Histopathological damage after UUO: morphometry data. Morphometric analysis of cortical renal sections 10 days after UUO in obstructed kidneys (black bars) and contralateral unobstructed kidneys (white bars). Values are means ± SD of cell counts per hpf. Note that treatment with BX471 for 10 days as well as from days 6 to 10 significantly reduced the interstitial volume index and collagen index compared with vehicle controls.
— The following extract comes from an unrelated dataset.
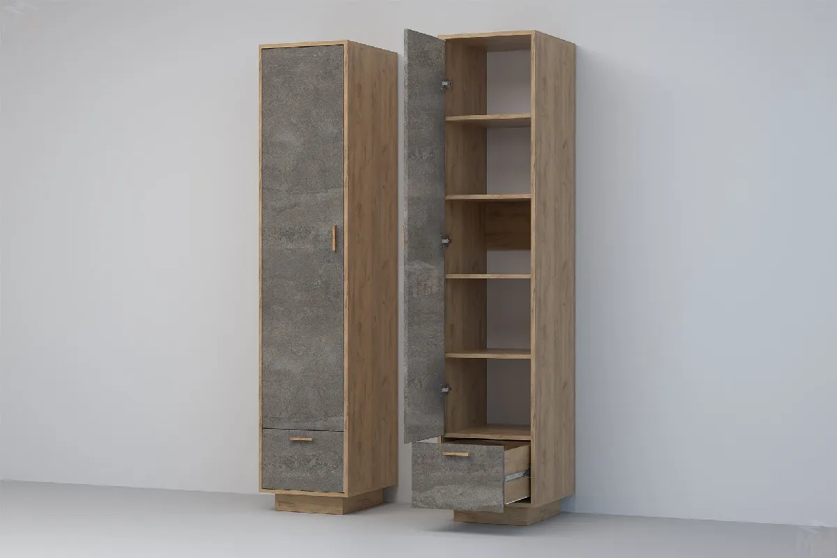 Пенал имеет дверку и выдвижной ящик на шариковых направляющих полного выдвижения.

BX471 given from day 0 to 5 had no effect on interstitial volume and collagen index. The indices of tubular lumen and tubular cell damage were not affected by either treatment regimen.

Figure 9

Collagen I mRNA and protein expression. (a) Renal collagen mRNA expression was determined by real-time RT-PCR. Collagen Iα1 mRNA was analyzed as the ratio to GAPDH template and compared with the unligated kidney. Collagen I expression of the vehicle group is set as 1. A significant decrease of collagen Iα1 mRNA was found in BX471-treated animals (treatment from day 0 to 10) compared with vehicle-treated mice. (b) Levels of collagen I were determined by Western blot analysis. Protein extractions of two obstructed (UUO) and two unobstructed contralateral kidneys (CLK) of BX471-treated mice (lanes 1 and 2) were compared with vehicle controls (lanes 3 and 4). Note an increase of collagen I in UUO compared with CLK kidneys. Treatment with BX471 for 10 days reduced collagen I protein expression in UUO kidneys compared with control UUO kidneys.